Die Abschiedsfeier war zusammen mit anderen Partys im Regierungsviertel während der Corona-Pandemie bereits Teil einer Polizeiuntersuchung zum "Partygate"-Skandal. Johnson war im Parlament auf den 13. November angesprochen worden und hatte erklärt, an diesem Datum habe es keine Feier gegeben und er sei sicher, dass die Corona-Regeln nicht verletzt worden seien.
Als Ergebnis der Polizeiuntersuchung war der Premier zu einem Bußgeld verdonnert worden, weil er an einer Überraschungsfeier zu seinem 56. Geburtstag in der Downing Street teilgenommen hatte. Für das Zusammentreffen am 13. November gab es hingegen kein Bußgeld.
Die stellvertretende Chefin der Labour-Party, Angela Rayner, bezeichnete es auf ITV als "verblüffend", dass der konservative Regierungschef kein Bußgeld für eine Versammlung zahlen müsse, "die nicht besonders nach Arbeit aussah". Johnson habe "gewusst, dass er die Regeln gebrochen" habe, und trotzdem versucht, sich aus der Affäre zu ziehen. "Er hat versucht, die britische Öffentlichkeit zu belügen, und er hat versucht, im Parlament zu lügen", erklärte Rayner.

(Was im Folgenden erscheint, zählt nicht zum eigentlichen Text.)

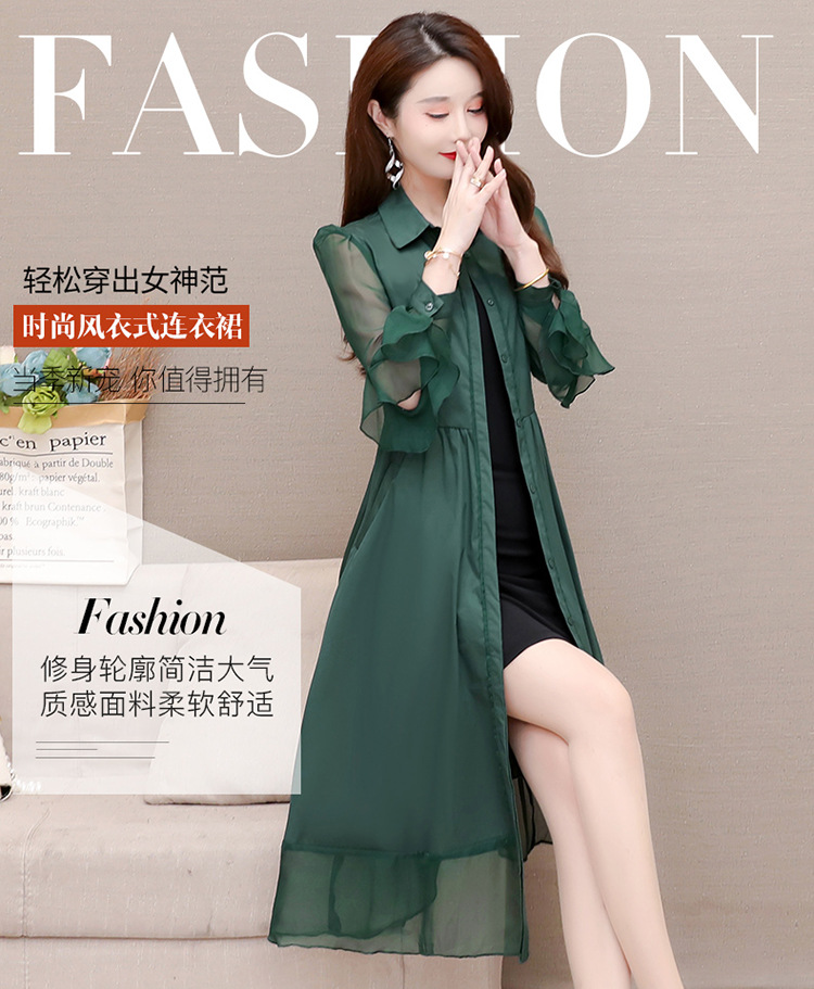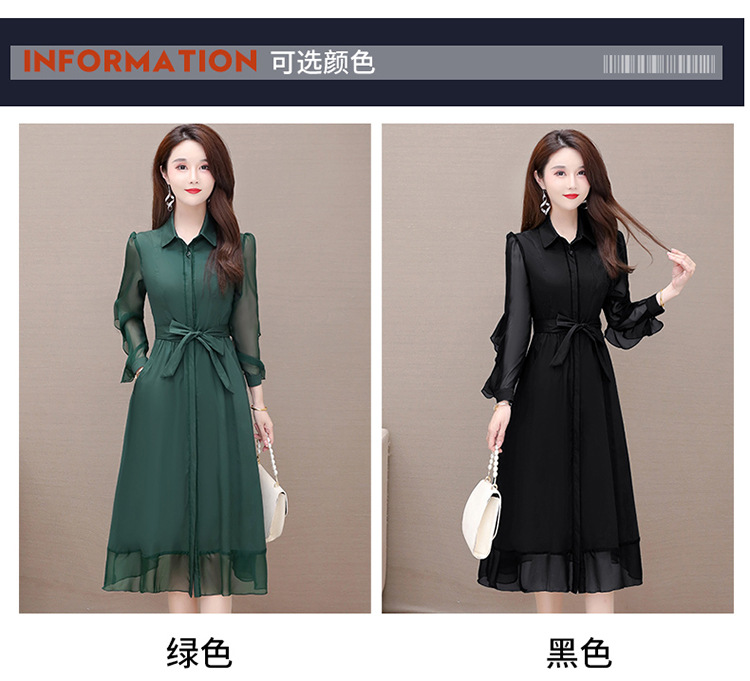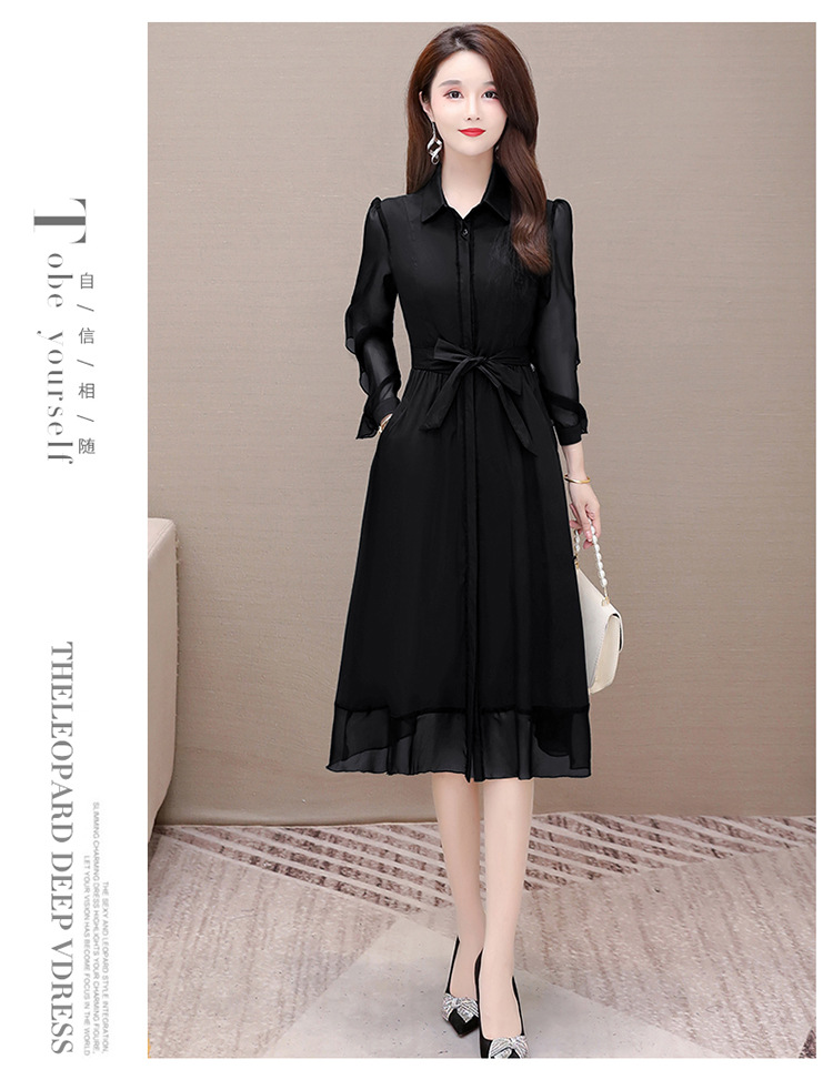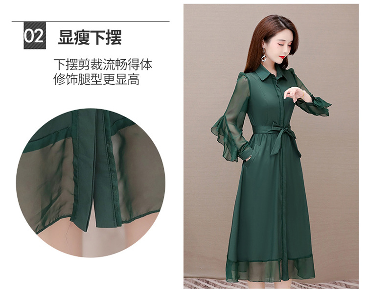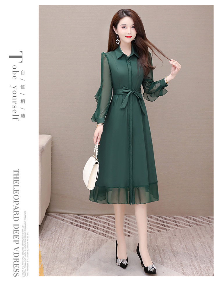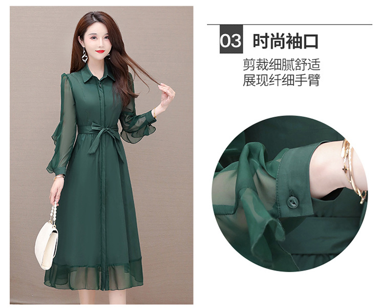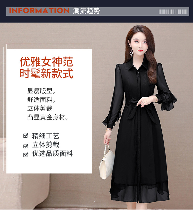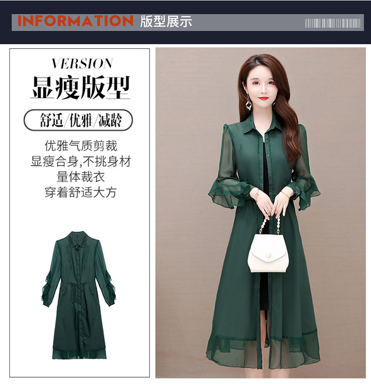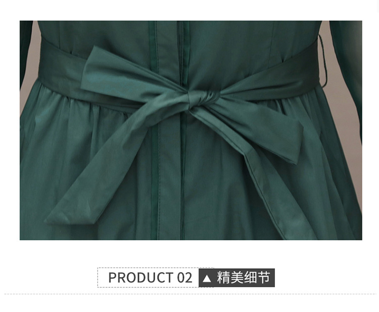 秋季新款,纯色薄款长袖拼结开衫裙中长款腰带裙时尚风衣式连衣裙QYM-JJ-C22803-Y
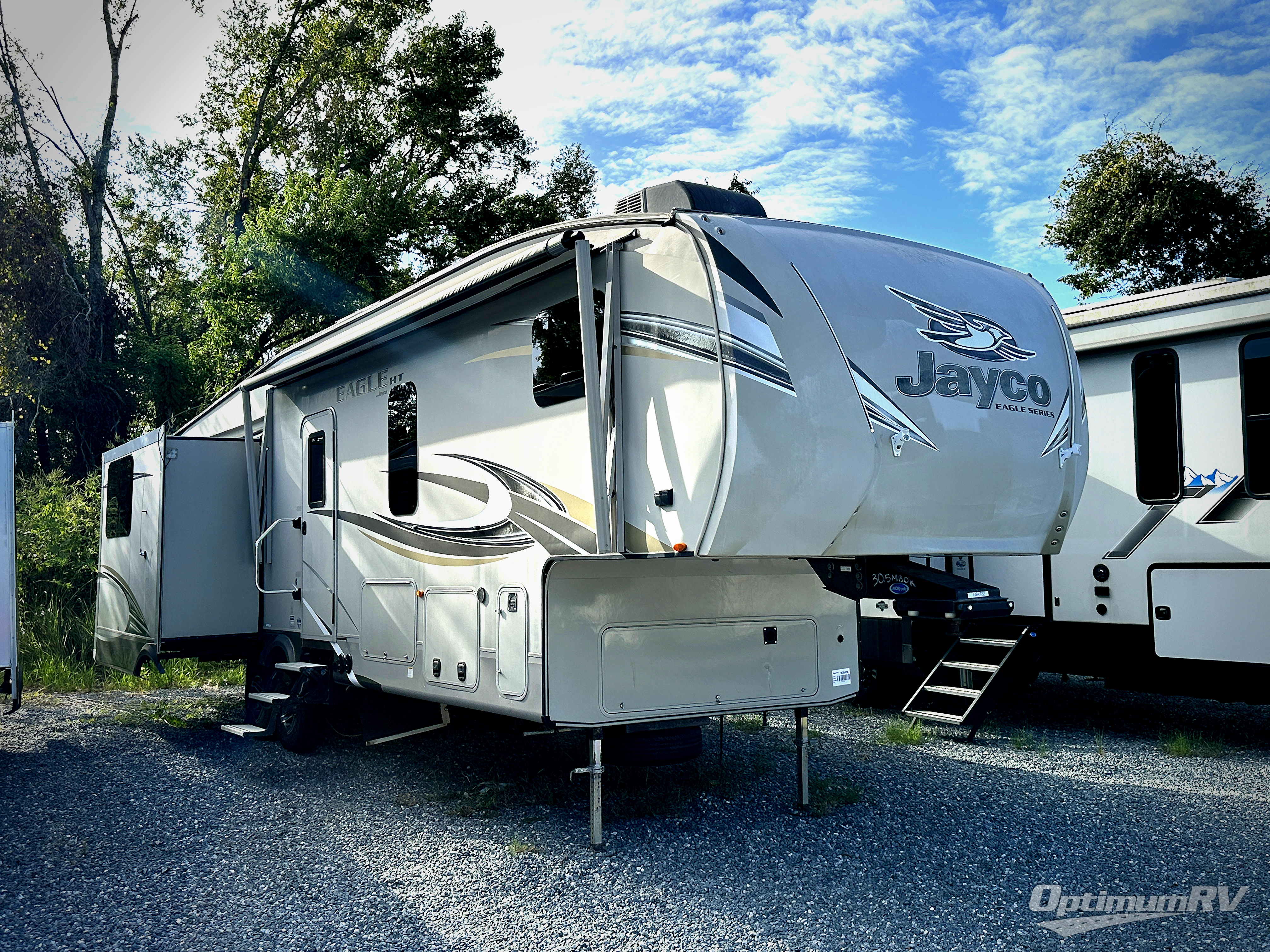 For any camping trip you will want an Eagle HT fifth wheel by Jayco. Along the exterior there is a high-gloss, fiberglass front cap with built-in specialty LED lighting. Inside each model there are handcrafted Sugar Maple glazed drawers. Throughout each model there is Shaw residential carpet with a sound dampening carpet pad plus IVC Trekk wood-plank vinyl flooring. The industry exclusive HELIX cooling system is an added bonus with the Jayco-exclusive insulated duct design, directional and closeable A/C vents, larger return air vents, and the exterior-mounted 15,000-BTU Whisper Quiet A/C unit. The Customer Value Package includes a residential queen Simmons mattress with under-bed storage, an electric patio awning with integrated LED lights, MOR/ryde CRE/3000 rubberized suspension for a smoother ride, a rain proof EZ Breeze bathroom power vent, an industry first Go Power rooftop and ground solar prep, and so much more!

Verkehrsminister Grant Shapps verteidigte Johnson. Er habe "den Eindruck, dass er (Johnson) aus dem Büro kommt, den Mitarbeitern dankt und sein Glas erhebt", schilderte Shapps dem Sender SkyNews seine Einschätzung zu den neuen Fotos. Er betrachte dies nicht als Fest.
Die polizeilichen Ermittlungen zu "Partygate" sind inzwischen abgeschlossen. Insgesamt wurden 126 Bußgelder verhängt, die acht Termine zwischen dem 20. Mai 2020 und dem 16. April 2021 betreffen.
Mit Spannung wird derzeit die Veröffentlichung des Berichts der ranghohen Beamtin Sue Gray erwartet, mit der in den kommenden Tagen gerechnet wird. Er könnte neue Details und Fotos zu den verschiedenen Veranstaltungen enthalten - und Wasser auf die Mühlen der Kritiker von Johnson bedeuten.
Anschließend beginnt eine parlamentarische Untersuchung, die klären soll, ob Johnson die Abgeordneten in dieser Angelegenheit absichtlich getäuscht hat, indem er vor dem Unterhaus mehrfach behauptete, dass alle Regeln respektiert worden seien.